··· Supplied data

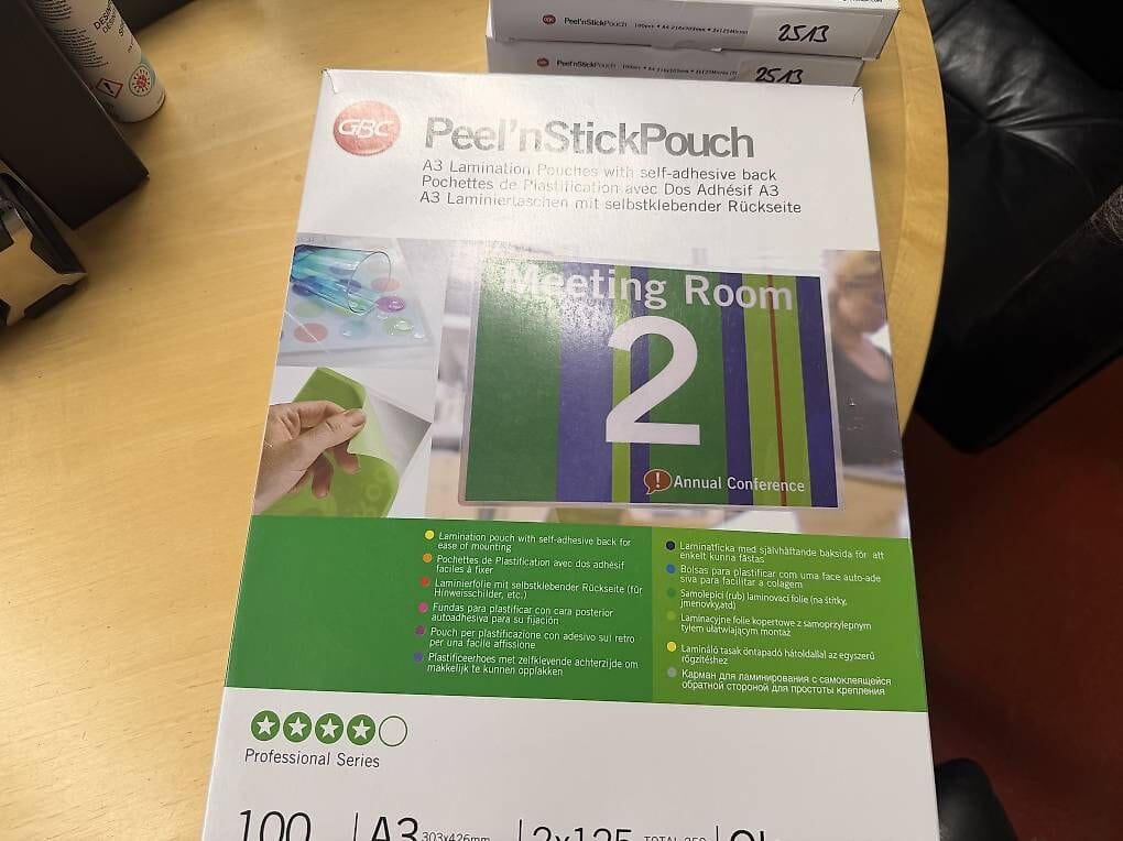 Mit den Peel'nStick Pouch Professional Laminierfolien von GBC lassen sich auf schnelle, einfache Weise auffallende Schilder in Profiqualität gestalten. Diese Laminierfolien sind ideal zum Aufkleben von Hinweisschildern und zur Verwendung in Heißlaminiergeräten. Dank der selbstklebenden Rückseite benötigen Sie kein zusätzliches Klebemittel.
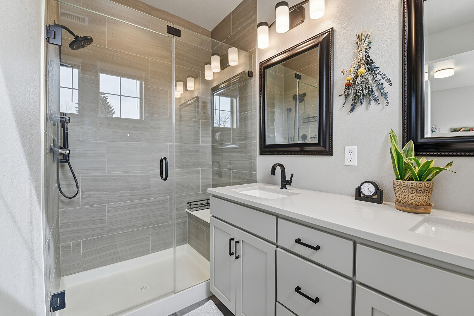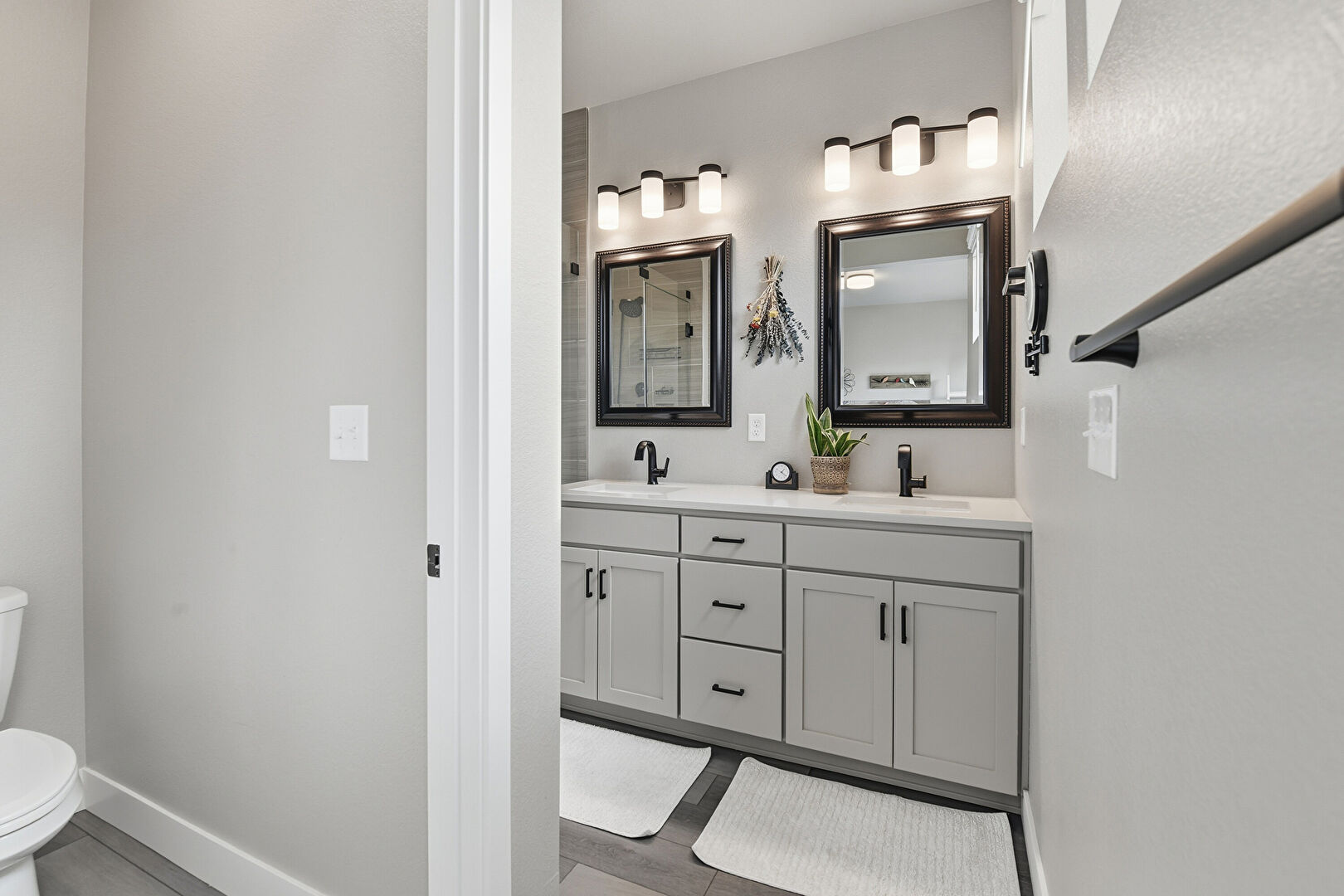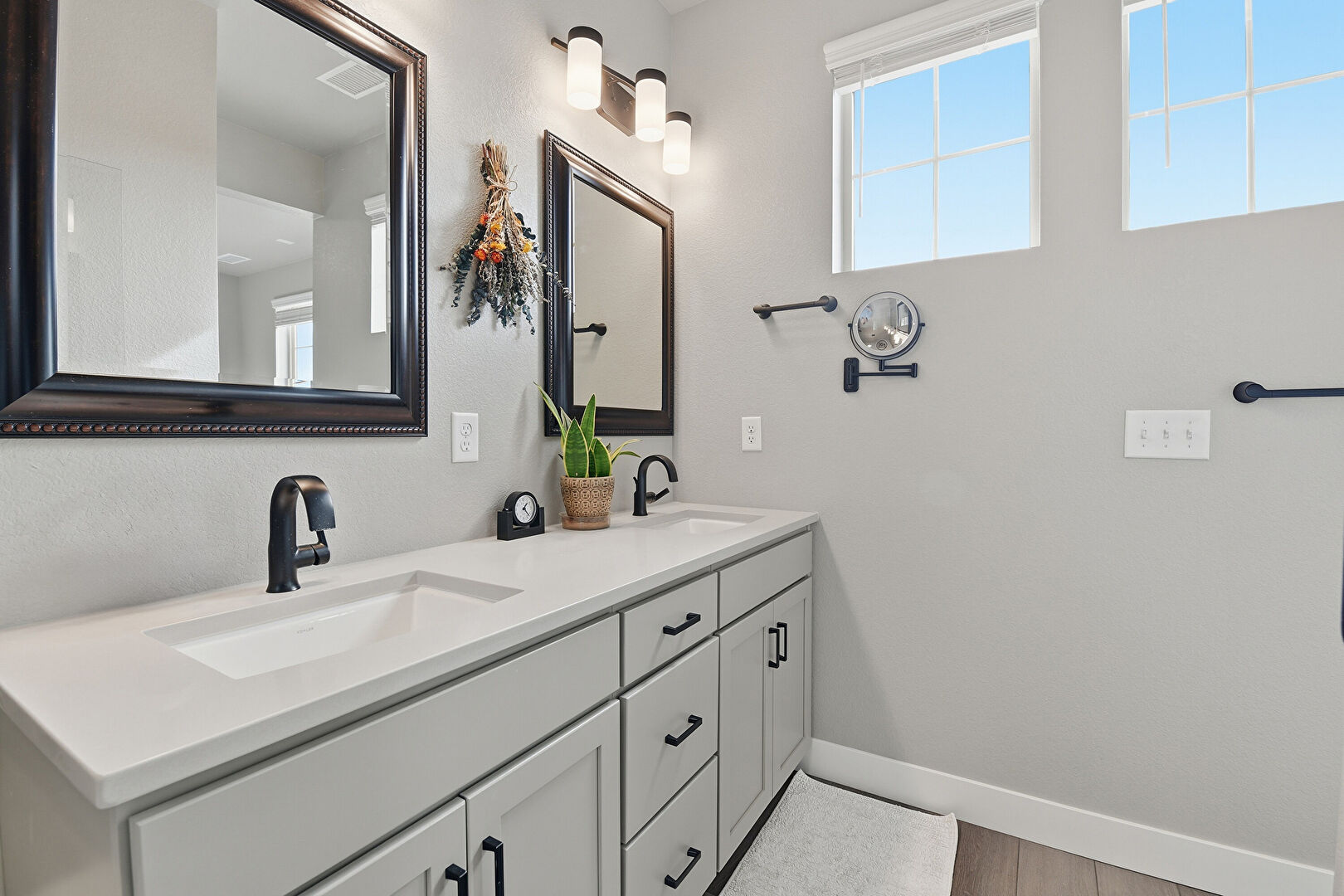 Baseboards Wall, Double Vanity, Drywall, Full Bathroom, Natural Light, Vent, Wood Finish Floor, Baseboards Wall, Vent, Wood Finish Floor
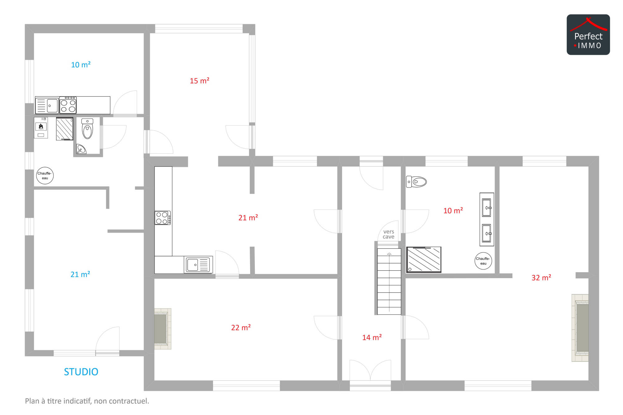 Elle vous offre 236 m² habitables dont un studio de 40 m², un grand salon/bar de 32 m², une salle à manger de 22 m² et un total de 4 grandes chambres.
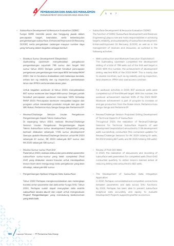 %u2022 Subsurface Development & Resource Evaluation (SDRE)Fungsi SDRE memiliki peran dan tanggung jawab dalampencapaian target, keandalan, serta keberlanjutanpengembangan subsurface, Enhanced/Improved Oil Recovery (E/IOR), serta pengelolaan cadangan maupun sumber dayayang tertuang dalam kegiatan sebagai berikut:%u2022 Eksekusi Sumur Development (Eksploitasi)Subholding Upstream menyelesaikan pengeboranpengembangan sejumlah 799 sumur dari target 943sumur tahun 2023. Dengan jumlah tersebut pencapaianpengeboran pengembangan mencapai 85% terhadap RKAP 2023. Hal ini terutama disebabkan oleh beberapa kendala,antara lain rig reability dan rig inspection, pembebasanlahan dan IPPKH serta kendala akses jalan.Untuk kegiatan workover di tahun 2023, menyelesaikan 837 sumur workover dari target 638 sumur. Dengan jumlah tersebut pencapaian workover mencapai 122% terhadap RKAP 2023. Pencapaian workover merupakan bagian dari program untuk menambah produksi minyak dan gas dari WK Rokan, Pertamina Hulu Sanga-Sanga dan Pertamina EP. %u2022 Review/Challange Session Usulan Pengeboran Pengembangan Aspek Teknis SubsurfaceDi sepanjang tahun 2023, realisasi Review/Challange Session Usulan Pengeboran Pengembangan Aspek Teknis Subsurface sumur development (eksploitasi) yang berhasil dilakukan sebanyak 1.106 sumur development(berupa update Review/Challenge Session untuk RK 2023 sebanyak 61 sumur, RK 2024 sebanyak 827 sumur dan RK 2025 sebanyak 128 sumur).%u2022 Review Sumur-sumur Post DrillPada tahun 2023, realisasi diskusi dan pencatatan parameter subsurface sumur-sumur yang telah completed (Post Drill) yang dilakukan secara triwulan untuk mendapatkanlesson learn demi mengurangi risiko pengeboran yang akan dihadapi, sebanyak 662 sumur.%u2022 Pengembangan Aplikasi Integrasi Data SubsurfaceTahun 2022 Pertapas mengkonsolidasikan dan melengkapi koneksi antar-parameter dan data antar-fungsi SHU. Tahun 2023, Pertapas sudah dapat menyajikan data analitik subsurface secara akurat dan cepat untuk mengevaluasi Project Pengembangan yang mendukung keekonomian yang lebih baik.%u2022 Subsurface Development & Resource Evaluation (SDRE)The function of SDRE (Subsurface Development and ReservoirEngineering) plays a role and holds responsibilities in achievingtargets, reliability, and sustainability of subsurface development, Enhanced/Improved Oil Recovery (E/IOR), as well as in themanagement of reserves and resources, as outlined in thefollowing activities:%u2022 Well construction and Workover Execution (Exploitation)The Subholding Upstream completed the developmentdrilling of a total of 799 wells out of the 943 well target in2023. With this number, the achievement of developmentdrilling reached 85% of the 2023 RKAP. This is mainly dueto several constrain, such as rig reability and rig inspection,land clearence, IPPKH and road access constrain.For workover activities in 2023, 837 workover wells were completed out of the 638 well target. With this number, the workover achievement reached 122% of the 2023 RKAP. Workover achievement is part of program to increase oil and gas production from the Rokan block, Pertamina Hulu Sanga-Sanga and Pertamina EP.%u2022 Review/Challenge Session Proposed Drilling Developmentof Technical Aspects of Subsurface Throughout 2023, the realization of Review/ChallengeSessions for Technical Subsurface Aspects of welldevelopment (exploitation) amounted to 1.106 development wells successfully conducted (this comprised updates forReview/Challenge Sessions for RK 2023 totaling 61 wells,RK 2024 totaling 827 wells, and RK 2025 totaling 128 wells).%u2022 Review of Post Drill Wells In 2023, the realization of discussions and recording ofsubsurface well parameters for completed wells (Post-Drill)conducted quarterly to obtain lessons learned aimed atreducing drilling risks amounted to 662 wells.%u2022 The Development of Subsurface Data IntegrationApplicationIn 2022, Pertapas consolidated and completed connections between parameters and data across SHU functions.By 2023, Pertapas has been able to present subsurfaceanalytical data accurately and rapidly to evaluateDevelopment Projects supporting better economics.180 Laporan Tahunan %u2022 PT Pertamina Hulu EnergiPEMBAHASAN DAN ANALISIS MANAJEMENMANAGEMENT DISCUSSION AND ANALYSIS 4 5 6 7

······

* Brief
Only the lines from the start of the material through the line containing "Elle vous offre" should be transcribed. Pictures stay out.

* Reply
 Mit den Peel'nStick Pouch Professional Laminierfolien von GBC lassen sich auf schnelle, einfache Weise auffallende Schilder in Profiqualität gestalten. Diese Laminierfolien sind ideal zum Aufkleben von Hinweisschildern und zur Verwendung in Heißlaminiergeräten. Dank der selbstklebenden Rückseite benötigen Sie kein zusätzliches Klebemittel.
 Baseboards Wall, Double Vanity, Drywall, Full Bathroom, Natural Light, Vent, Wood Finish Floor, Baseboards Wall, Vent, Wood Finish Floor
 Elle vous offre 236 m² habitables dont un studio de 40 m², un grand salon/bar de 32 m², une salle à manger de 22 m² et un total de 4 grandes chambres.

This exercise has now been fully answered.